Similarly, several cases involving automobile occupants shot by others were held to be cases to which no-fault did not apply. Howe v. Harleysville Insurance Co., 313 Pa. Super. 65, 459 A.2d 412 (1983); Erie Insurance Exchange v. Eisenhuth, 305 Pa. Super. 571, 451 A.2d 1024 (1982); Rife v. State Farm Mutual Automobile Insurance Co., 304 Pa. Super. 359, 450 A.2d 720 (1982). The Erie court believed that the facts not only did not rise to the level of proximate causation, but did not even meet [419]*419the “but for” standard because the “injuries were not caused by the operation of the vehicle,” but were the result of a gunshot. Erie, supra, at 574, 451 A.2d at 1025. The electrocution of Mr. Butler in the case now before the court presents an analogous situation, and we therefore believe that the Superior Court cases cited above compel our'holding. ■
The electricity which caused Mr. Butler’s injuries is an external force. There is no evidence that the truck was the source of the electricity. There is no evidence that the flatbed truck acted as the conductor of the current or in any other way brought the victim in contact with the electricity. The only role played by the truck was that Mr. Butler happened to be standing on it either [during], or immediately pri- or to, his injury. If this tangential correlation were. sufficient to rise to the level of a causal connection, we believe that the Superior Court could not have decided the cases cited above, particularly those cases involving passengers who were shot, in the manner which it did.

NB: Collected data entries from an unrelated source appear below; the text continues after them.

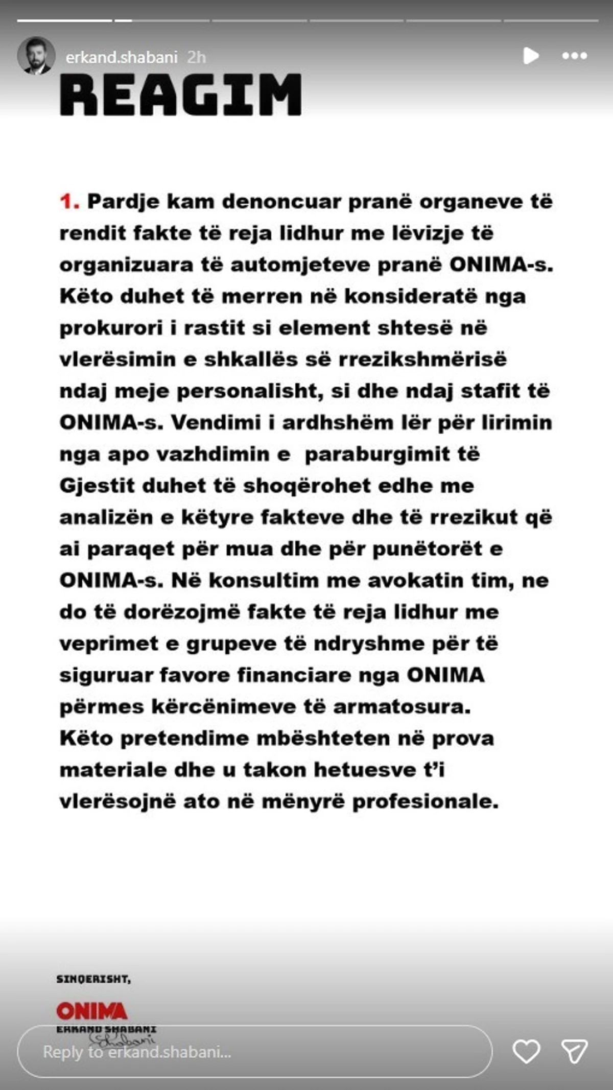 Shabani përfundon reagimin duke bërë thirrje që të ndalet gjuha që nxit dhunë dhe duke theksuar se kompania ONIMA do të vazhdojë të mbrojë qëndrimin e saj përmes mjeteve ligjore.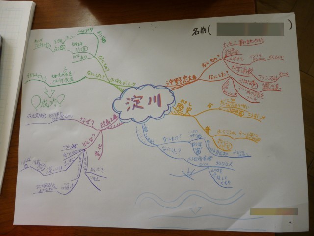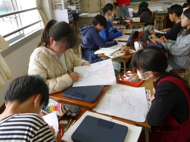 4年生はまだマインドマップを使うことが少ないので、戸惑っている人もいましたが、友だちの書いたものを参考にしたりしながら、頭の中にある学びをまとめていました。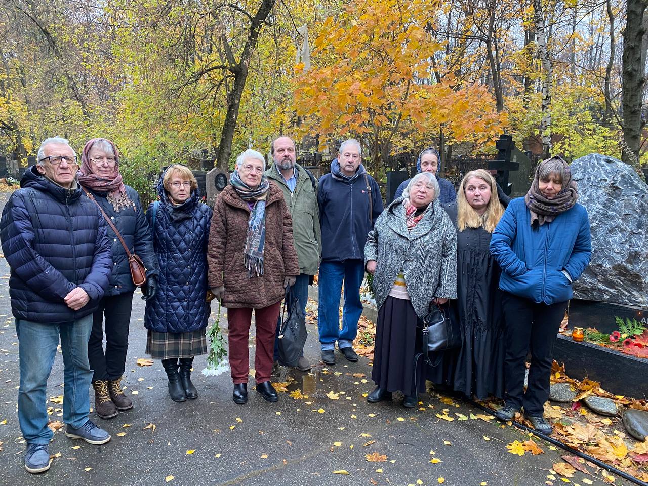 Слева направо: Валентин Гефтер, Наталья Дзядко, Наталья Гольдман, Елена Шмелева, Алексей Шмелев, Даниил Шур, Елена Вигдорова, Ирина Левонтина, Марина Поливанова. На заднем плане неизвестная женщина, примкнувшая к акции «Возвращение имен» у могилы Арсения Рогинского. Москва, Введенское кладбище, 2022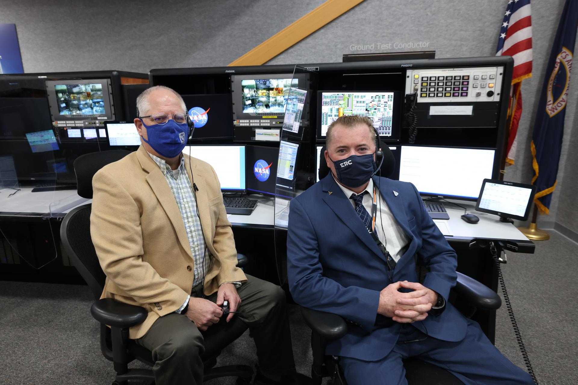 Launch team members are seated at the Ground Test Conductor consoles inside Firing Room 1 of the Launch Control Center at NASA’s Kennedy Space Center in Florida on Dec. 13, 2021. From left are Joe Vanhove and Keith Lawton. They are participating in a joint integrated simulation for the Artemis I launch that covered both cryogenic loading and terminal countdown portions of prelaunch activities. Members of NASA’s mission management team and launch team conducted the simulation together. The Kennedy team was certified for the Artemis I launch. During Artemis I, the agency’s Orion spacecraft will lift off from Kennedy aboard NASA’s most powerful rocket – the Space Launch System – to fly farther than any spacecraft built for humans has ever flown. Through NASA’s Artemis missions, the agency, along with commercial and international partners, will establish a sustainable human presence on the Moon to prepare for missions to Mars.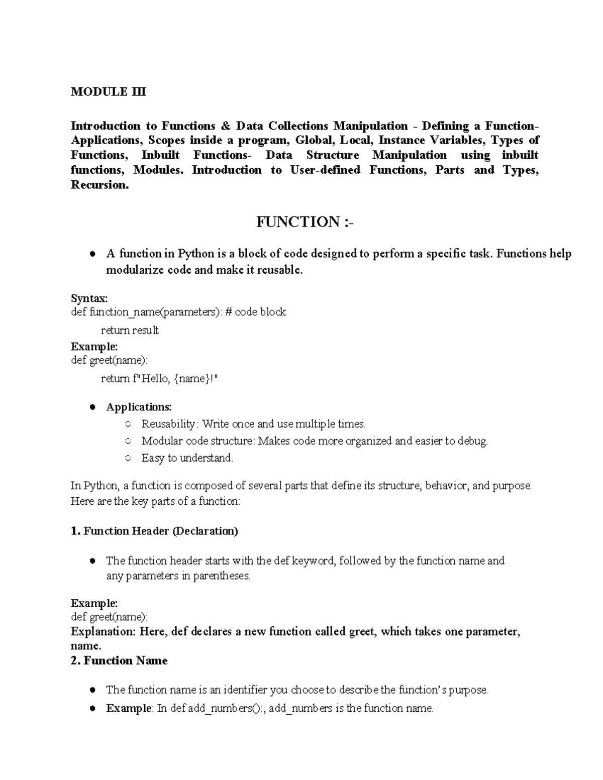 Unit V: Functions & File Handling Notes for Programming (CS101) - Studocu
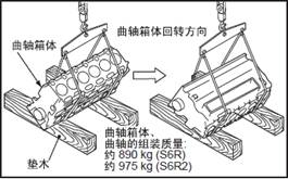 (2) 水平吊起三菱S6R柴油發(fā)動(dòng)機曲軸,小心地從上方吊出。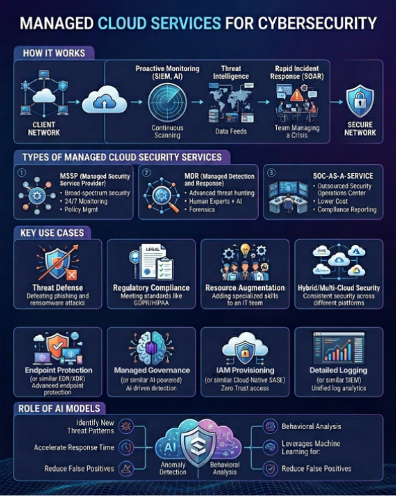 The need for cybersecurity is in demand as many business operations are moving towards the cloud, thus highlighting the necessity for competent cloud management services. Given its various benefits, such as flexibility, scalability, and lowered expenses, alongside increasing data volumes and sharing, major cloud landscape expansion is underway. It is not unknown that the adoption, however, carries certain cybersecurity challenges, including cyber threats, ransomware attacks, and data breaches due to multi-cloud security misconfigurations. A third-party service provider of IaaS, PaaS, SaaS, DBaaS, STaaS, or user management as a service, enables such services for guarding the cloud IoT solutions against potential risks, managing servers, backing up data, monitoring, and security through anti-virus configurations, Virtual Private Networks (VPN), periodic vulnerability testing, and extensive firewall management.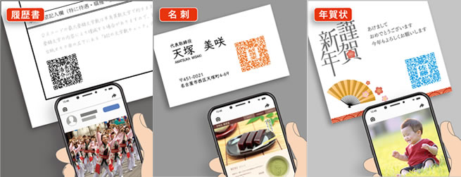 URLから変換したQRコードと名前を一度に捺すことのできる、「myQR」。捺した印影のQRコードをスマートフォンで読み取ると登録されたサイトに繋がります。履歴書や年賀状・名刺などに捺して、紙には書けない動画や写真をQRコードで伝えられる、「自己主張の新しいカタチ」を提案するネームスタンプです。

Furthermore, we believe that the Butler case does not involve an automobile accident as that term is commonly understood. The Superior Court held that the absence of such an accident was fatal to no-fault recovery in Camacho and the Pennsylvania Supreme Court affirmed that decision. The Butler case involves an electrical accident not an automobile accident.

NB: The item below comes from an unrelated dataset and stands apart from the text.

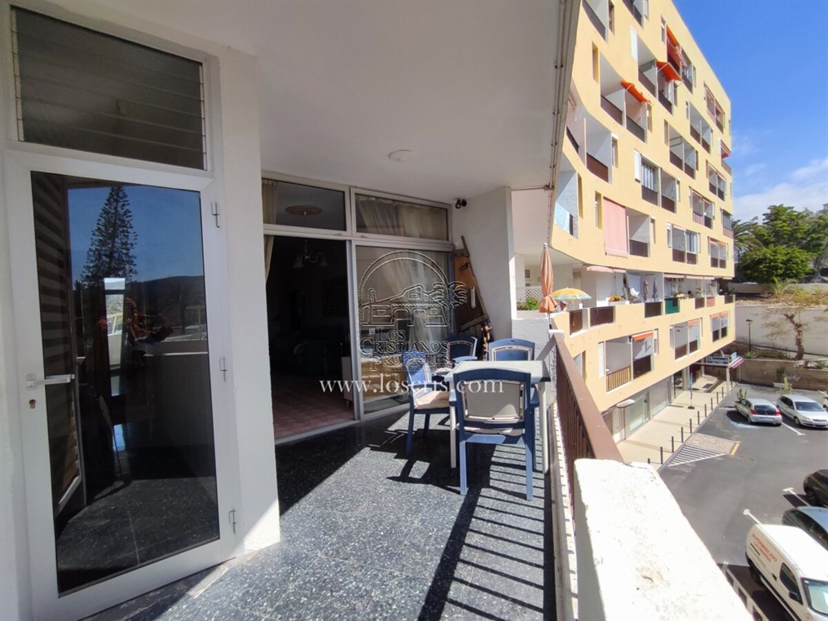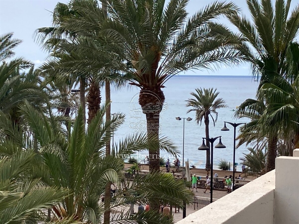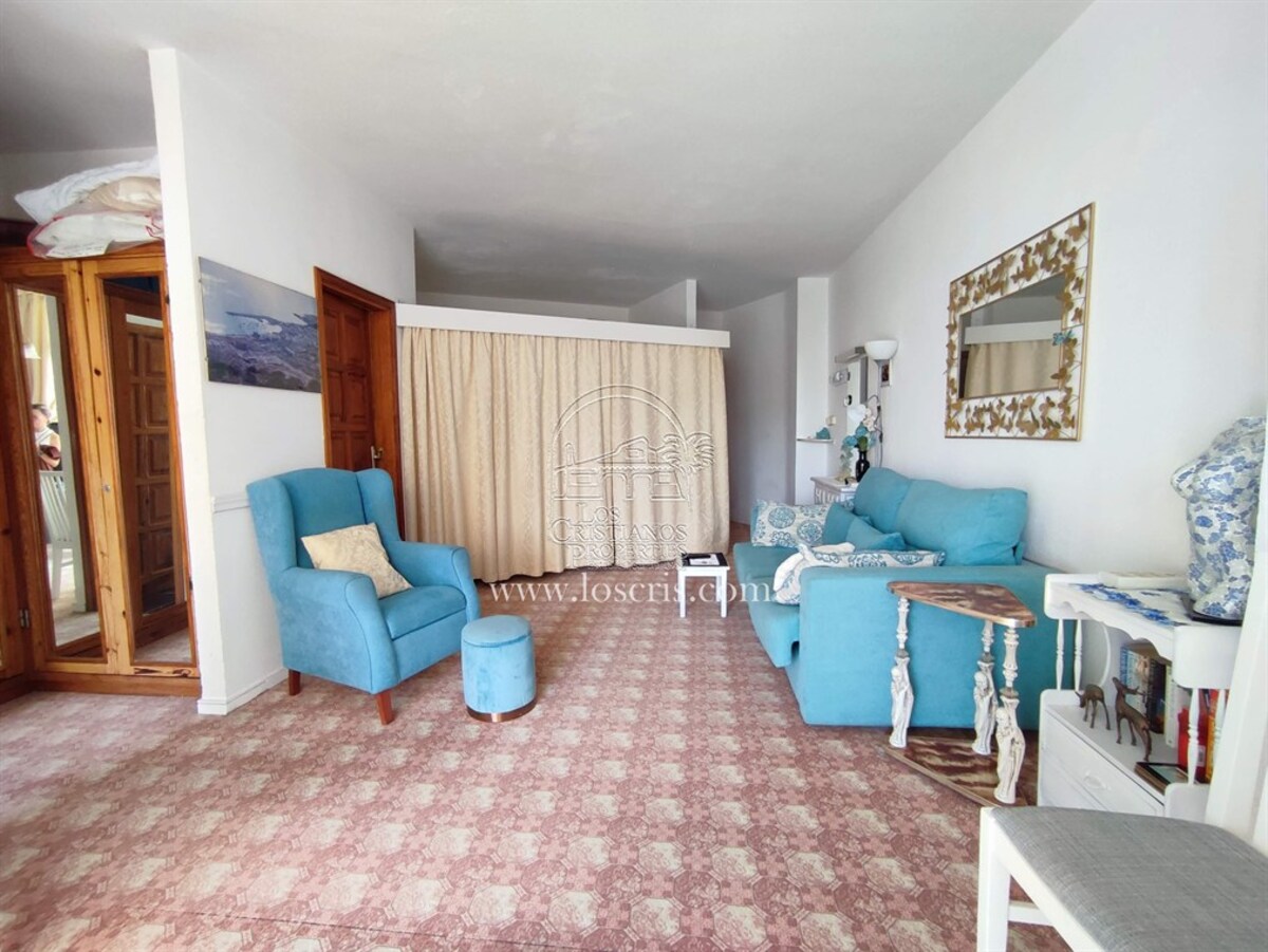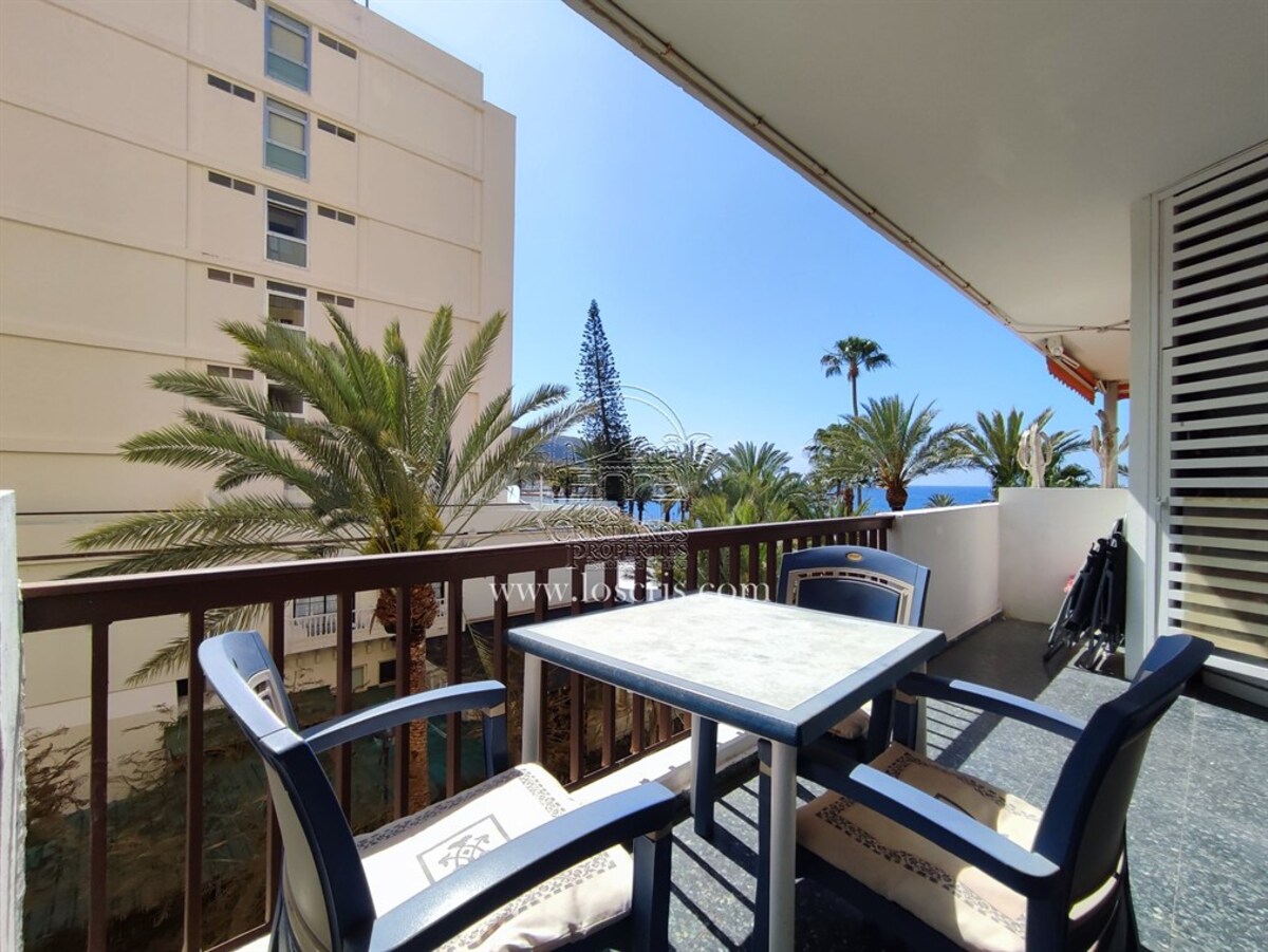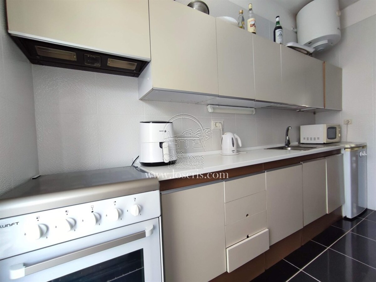 Studio-type apartment situated on the ground floor of a front-line complex in Los Cristianos. The studio is situated on the side of the complex, with an interior measurement of approx. 39,62 m² and comprises a bathroom and a separate kitchen leading onto the lounge/bedroom area. The sleeping area is partitioned off to give privacy from the rest of the lounge. The terrace measures approx. 11.85 m² and offers great sea views. The studio is sold fully furnished. This is a sought after complex, with alll ammentites close by and communal parking is available inside the complex accessed by remote control. There is a swimming pool on the complex and a sunbathing area.

Plaintiff cites Utica Mutual Insurance Company v. Contrisciane, 504 Pa. 328, 473 A.2d 1005 (1984), as establishing specific criteria for determining when one is “occupying” a motor vehicle for purposes of uninsured motorist coverage. Contrary to plaintiff’s assertion, however, we believe that the Butler case does not meet the criteria articulated in that decision. The very first element of the Pennsyl[420]*420vania Supreme Court test is that there be “a causal relation or connection between the injury and use of the uninsured vehicle” Id. at 336, 473 A.2d at 1009. Although Utica dealt with uninsured motorist coverage, this holding, reinforced by the court’s per-curiam affirmation of the Superior Court’s decision in Camacho, solidifies our belief that the automobile insurance legislation was intended only for injuries causally connected to a motor vehicle.

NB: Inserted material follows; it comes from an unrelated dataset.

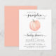 O convite para chás de fraldas orçamentalmente neutro para casais, com "A Sweet Little Pumpkin Is On Your Way" escrito em uma mistura de tipografia de cinzas e um roteiro de na moda, e uma linda cor d'água laranja de uma abóbora. Personalize os nomes dos futuros pais e os detalhes do chá em simples tipografia de cinzas. Especificar o sexo do bebê, se desejado (por exemplo, "está a caminho").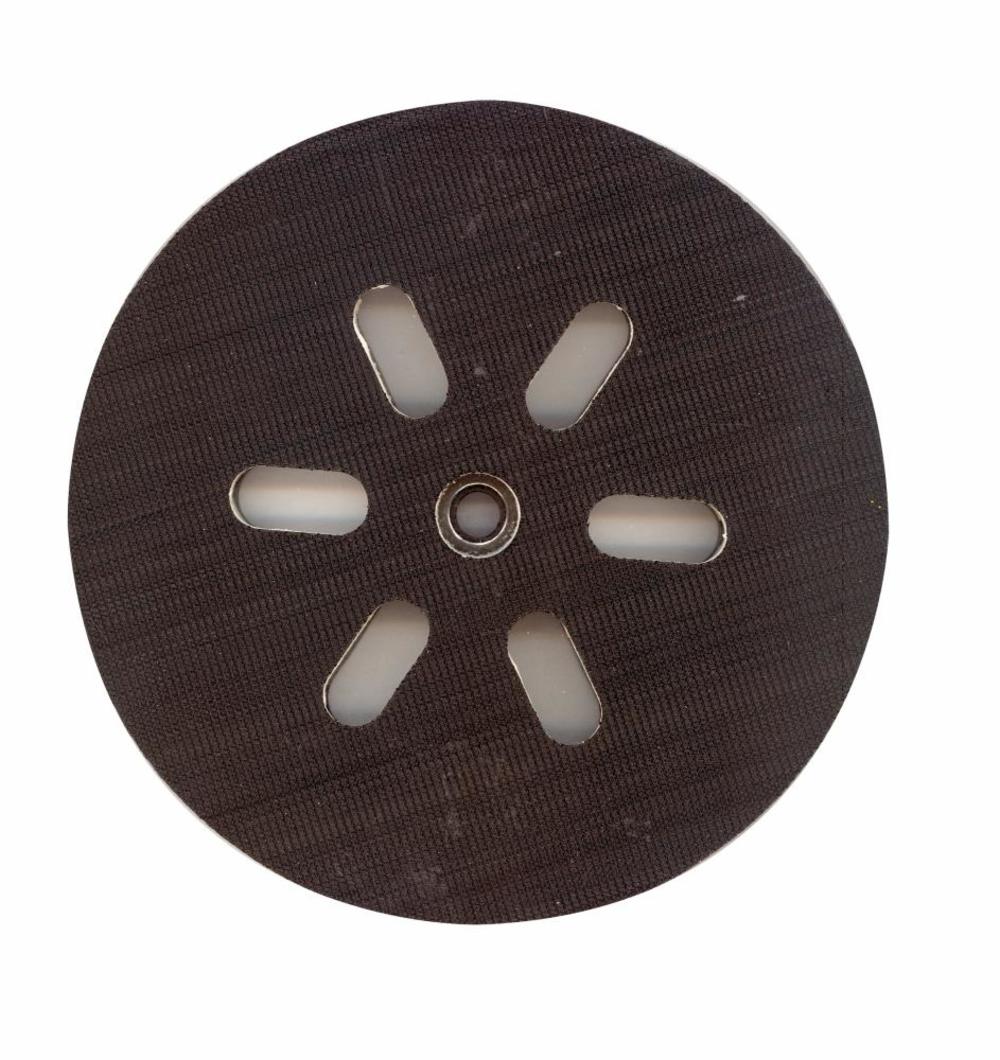 Six-inch diameter. Six-hole backing pad for Hook and Loop sanding discs. Flexible, general-purpose rubber pad allows flat or contour sanding without gouging. Fits Bosch sander models 1250DEVS, 3727DEVS and ROS65VC.

Having found no causal connection between the electrocution of Mr. Butler and the maintenance or use of a motor vehicle, we believe that defendants Allstate Insurance Company and Pennsylvania Assigned Claims are entitled to summary judgment.
Hence this
ORDER
And now, this March 31, 1986, the summary judgment motions of defendants Allstate Insurance Company and Pennsylvania Assigned Claims are granted thereby precluding the recovery by plaintiff of no-fault benefits from defendants Allstate Insurance Company and Pennsylvania Assigned Claims.